BEGIN Record excerpts

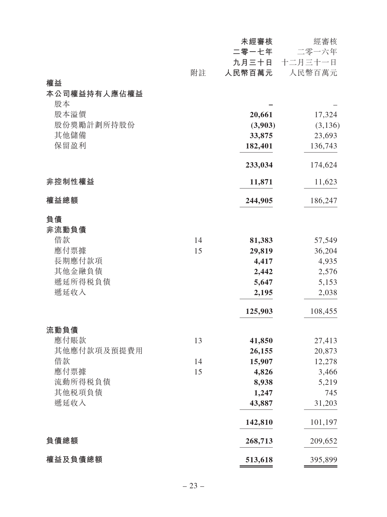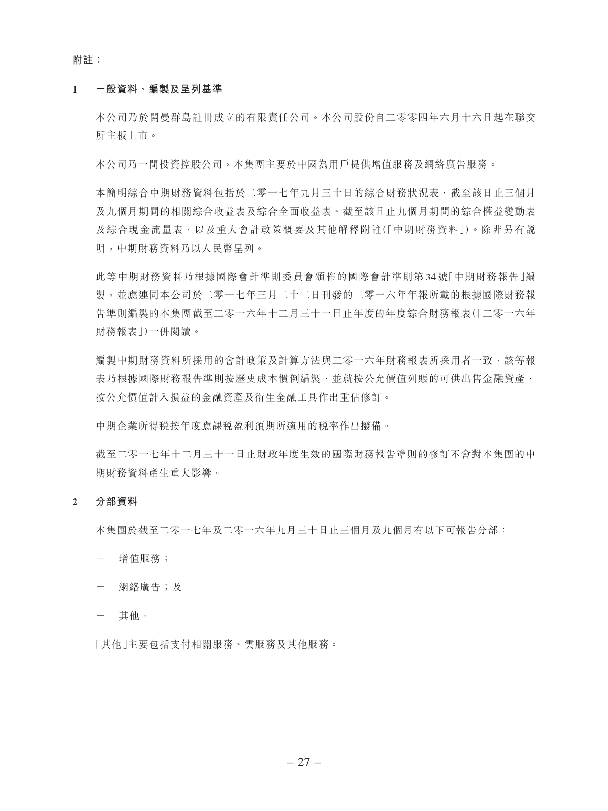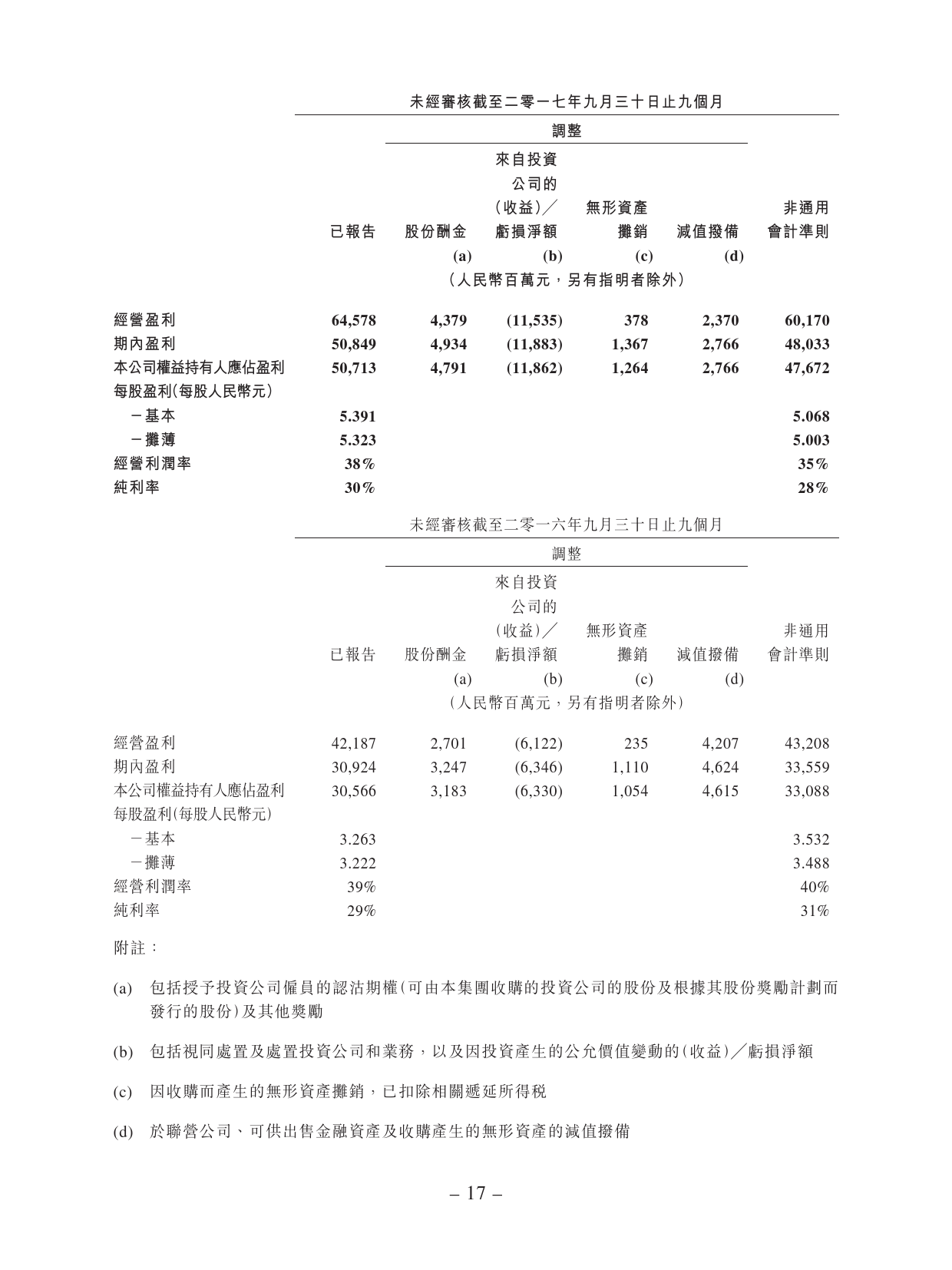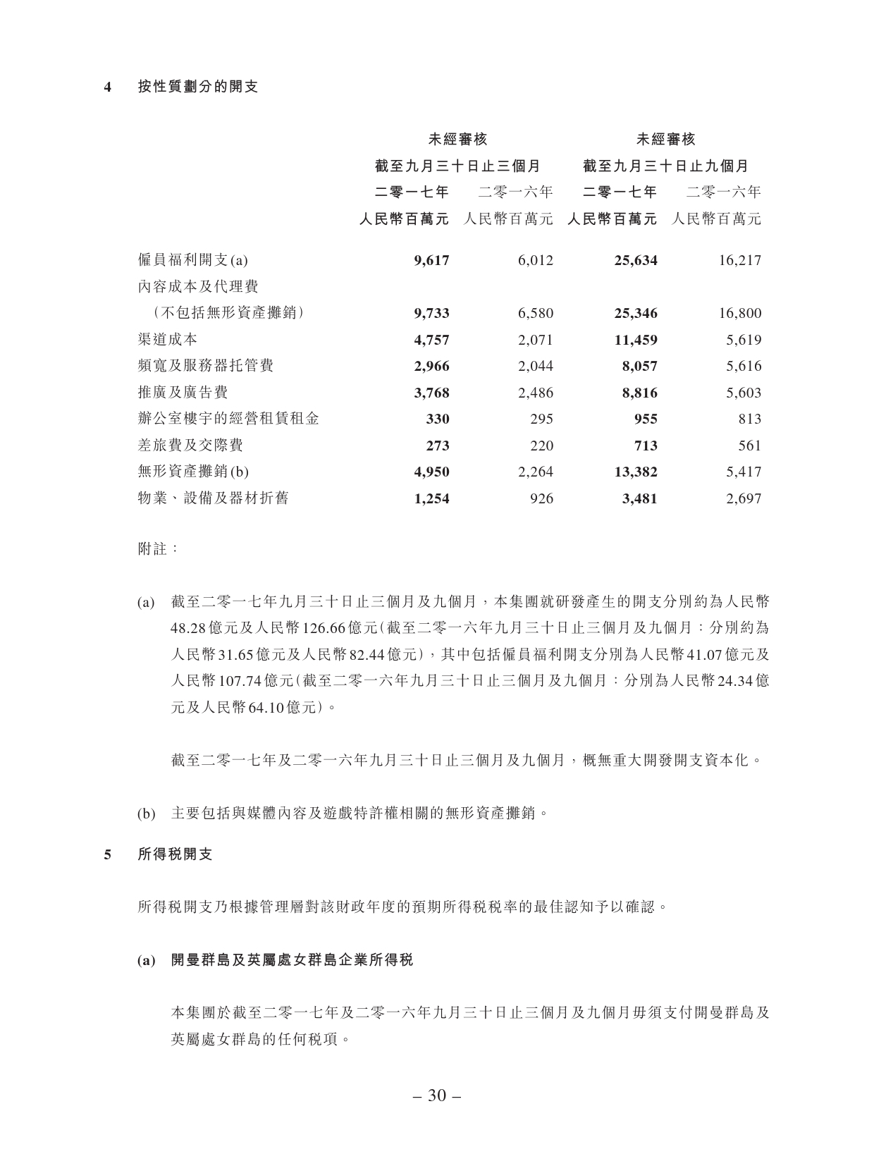 其他业务2017年第三季的收入同比增长143%至人民币120.44亿元。该项增长主要反映我们的支付相关服务及云服务收入的增长。
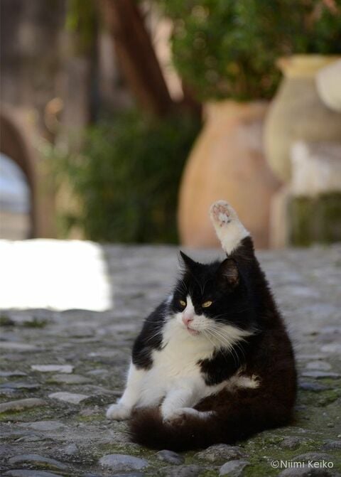 カーニュシュルメール村の猫たちはみんな、知り合いの人や猫を待っているような雰囲気を漂わせています。この猫も、毛繕いをしながら、ときどき遠いところに視線を送っていました。
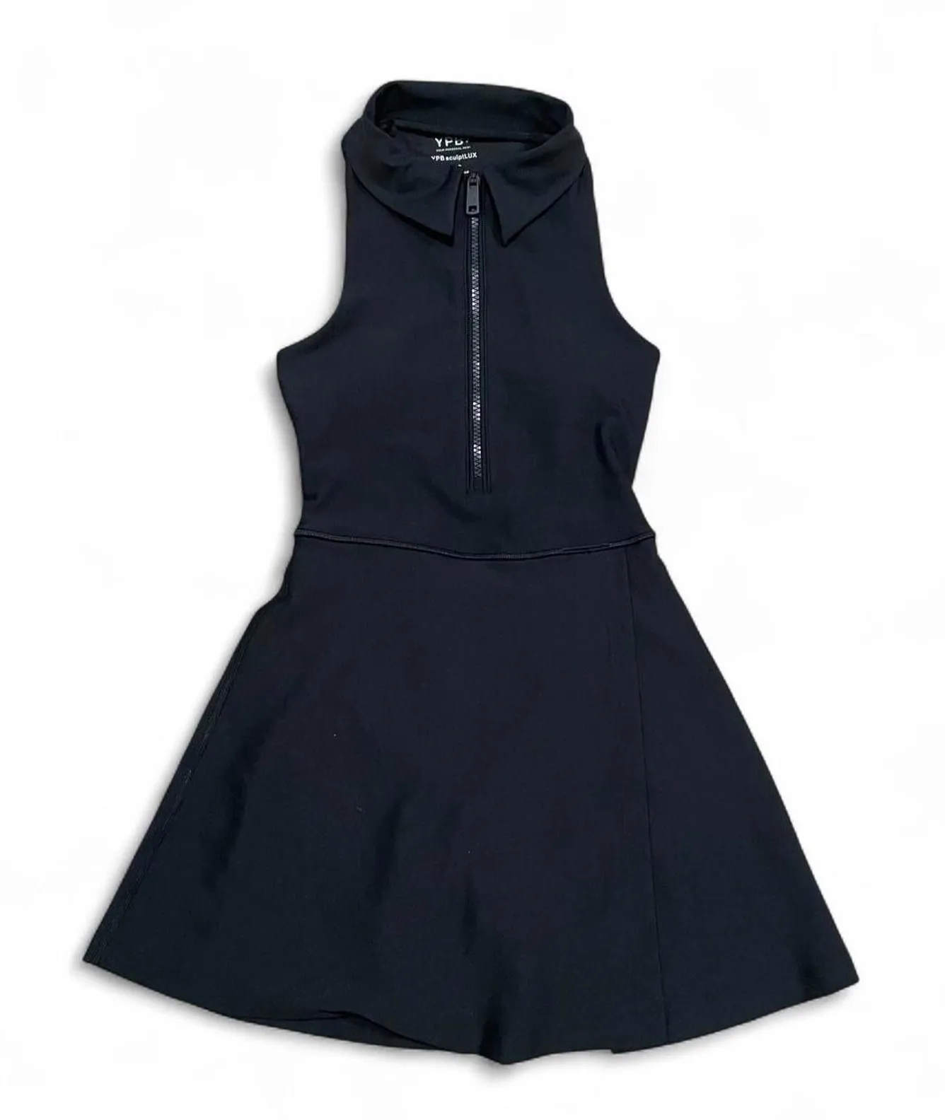 Black mini dress with zipper neckline and side zipper closure. cutouts in the back. collared. the wr... Show more
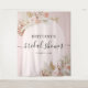 Elegant bohemian bridal shower tapestry featuring a dusty pink background with a floral arch feature, watercolor desert dried palm leaves, pampas grass, and a modern text template that is easy to personalize.
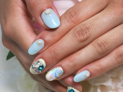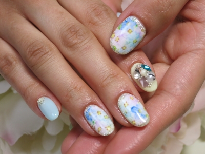 パステル*手描きフラワーネイル
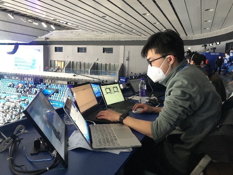 早在1月,新華社攝影團隊和技術團隊的施工人員就進入奧運閉環,在首都體育館吊裝的桁架上安裝了2臺遙控云臺相機,其中一臺位于場地中心主形象景觀正上方,另一臺位于短道終點正上方。兩臺相機各有側重又互相補充,基本可以無死角覆蓋場內的各個角度。與手持相機拍攝的最大不同是遙控云臺相機需要使用電腦軟件控制,對于調整角度和曝光等操作要求更復雜。5日下午5點,雖然距離晚場開賽還有兩個多小時,各路記者已經將首都體育館本就不大的媒體工作間圍得水泄不通。抵達場館后,我抓緊時間趕到看臺最高層的遙控云臺相機操控席位調試設備,競賽區域從這里看去一覽無余,對于操作遙控云臺相機來說是最好不過。
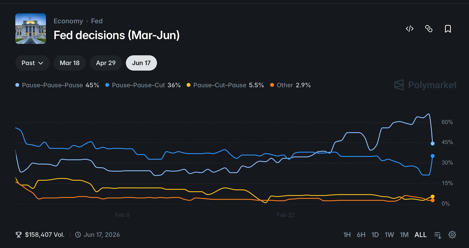 The pattern has precedent: the 1990 Gulf War, post-9/11, and the 2009 Afghanistan surge all coincided with Fed easing cycles. Brent is already up ~24% in a month to $85/bbl on Strait of Hormuz disruption, and the ISM manufacturing PMI came in at 52.4 for February, signaling expansion that complicates the near-term rate picture. Friday’s jobs miss (−92K, unemployment to 4.4%) shifted expectations forward, with June emerging as the earliest likely cut date and Polymarket odds for a June cut increasing.
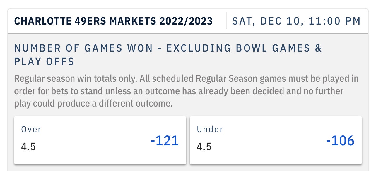 Charlotte 49ers OVER 4.5 Wins -121
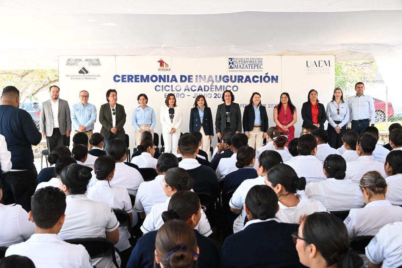 La rectora de la Universidad Autónoma del Estado de Morelos (UAEM), Viridiana Aydeé León Hernández, encabezó la ceremonia de bienvenida al ciclo académico enero-junio 2026, esta mañana desde la Subsede Tetecala de la Escuela de Estudios Superiores (EES) de Mazatepec.
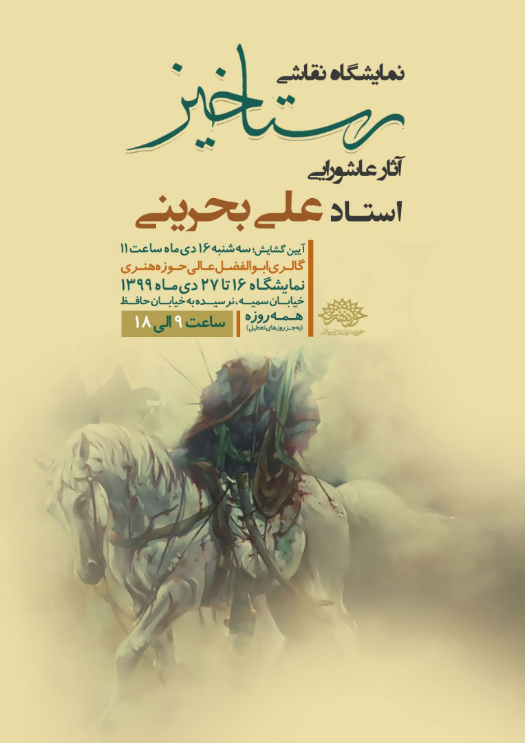 نمایشگاه نقاشی عاشورایی «رستاخیز» با آثاری از علی بحرینی از ۱۶ تا ۲۷ دی‌ماه همه روزه به جز روزهای تعطیل از ساعت ۹ تا ۱۸ میزبان علاقه‌مندان خواهد بود.
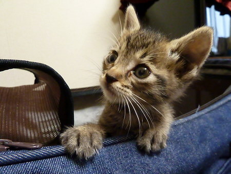 ミーミー言いながら部屋の中を走り回って人や先住猫の後をついて回っていました。
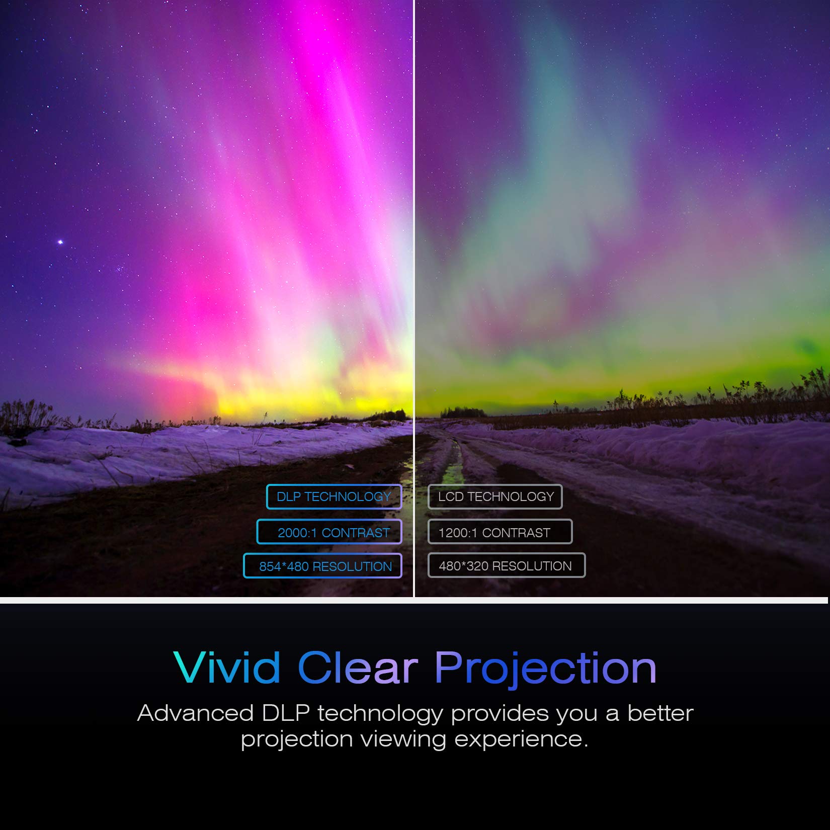 • Easy Portability Design Mini Projector: Compact and light weight design portable DLP projector built-in rechargeable battery and speaker. Powers via rechargeable battery up to 2.5 Hrs. Come with remote control and tripod, free of keep taking projector off the stand every time you need to turn it on/off or select something on the menu. Ideal for outside activities like small meetings/ gatherings or gaming time.
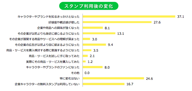 非常に多くのユーザーが使っているスポンサードスタンプですが、キャラクター、企業、ブランドへの認知に一役買っているほか、企業への興味や好感度が増したという結果にもつながっているようです。つまりLINEのスポンサードスタンプを通して、「意識変容」や「態度変容」を起こす効果が確認されています。

END Record excerpts

- _What the task requires_:
Transcribe the whole listing, character for character, but not its images.

- _Output for this exercise_:
 其他业务2017年第三季的收入同比增长143%至人民币120.44亿元。该项增长主要反映我们的支付相关服务及云服务收入的增长。
 カーニュシュルメール村の猫たちはみんな、知り合いの人や猫を待っているような雰囲気を漂わせています。この猫も、毛繕いをしながら、ときどき遠いところに視線を送っていました。
 Black mini dress with zipper neckline and side zipper closure. cutouts in the back. collared. the wr... Show more
 Elegant bohemian bridal shower tapestry featuring a dusty pink background with a floral arch feature, watercolor desert dried palm leaves, pampas grass, and a modern text template that is easy to personalize.
 パステル*手描きフラワーネイル
 早在1月,新華社攝影團隊和技術團隊的施工人員就進入奧運閉環,在首都體育館吊裝的桁架上安裝了2臺遙控云臺相機,其中一臺位于場地中心主形象景觀正上方,另一臺位于短道終點正上方。兩臺相機各有側重又互相補充,基本可以無死角覆蓋場內的各個角度。與手持相機拍攝的最大不同是遙控云臺相機需要使用電腦軟件控制,對于調整角度和曝光等操作要求更復雜。5日下午5點,雖然距離晚場開賽還有兩個多小時,各路記者已經將首都體育館本就不大的媒體工作間圍得水泄不通。抵達場館后,我抓緊時間趕到看臺最高層的遙控云臺相機操控席位調試設備,競賽區域從這里看去一覽無余,對于操作遙控云臺相機來說是最好不過。
 The pattern has precedent: the 1990 Gulf War, post-9/11, and the 2009 Afghanistan surge all coincided with Fed easing cycles. Brent is already up ~24% in a month to $85/bbl on Strait of Hormuz disruption, and the ISM manufacturing PMI came in at 52.4 for February, signaling expansion that complicates the near-term rate picture. Friday’s jobs miss (−92K, unemployment to 4.4%) shifted expectations forward, with June emerging as the earliest likely cut date and Polymarket odds for a June cut increasing.
 Charlotte 49ers OVER 4.5 Wins -121
 La rectora de la Universidad Autónoma del Estado de Morelos (UAEM), Viridiana Aydeé León Hernández, encabezó la ceremonia de bienvenida al ciclo académico enero-junio 2026, esta mañana desde la Subsede Tetecala de la Escuela de Estudios Superiores (EES) de Mazatepec.
 نمایشگاه نقاشی عاشورایی «رستاخیز» با آثاری از علی بحرینی از ۱۶ تا ۲۷ دی‌ماه همه روزه به جز روزهای تعطیل از ساعت ۹ تا ۱۸ میزبان علاقه‌مندان خواهد بود.
 ミーミー言いながら部屋の中を走り回って人や先住猫の後をついて回っていました。
 • Easy Portability Design Mini Projector: Compact and light weight design portable DLP projector built-in rechargeable battery and speaker. Powers via rechargeable battery up to 2.5 Hrs. Come with remote control and tripod, free of keep taking projector off the stand every time you need to turn it on/off or select something on the menu. Ideal for outside activities like small meetings/ gatherings or gaming time.
 非常に多くのユーザーが使っているスポンサードスタンプですが、キャラクター、企業、ブランドへの認知に一役買っているほか、企業への興味や好感度が増したという結果にもつながっているようです。つまりLINEのスポンサードスタンプを通して、「意識変容」や「態度変容」を起こす効果が確認されています。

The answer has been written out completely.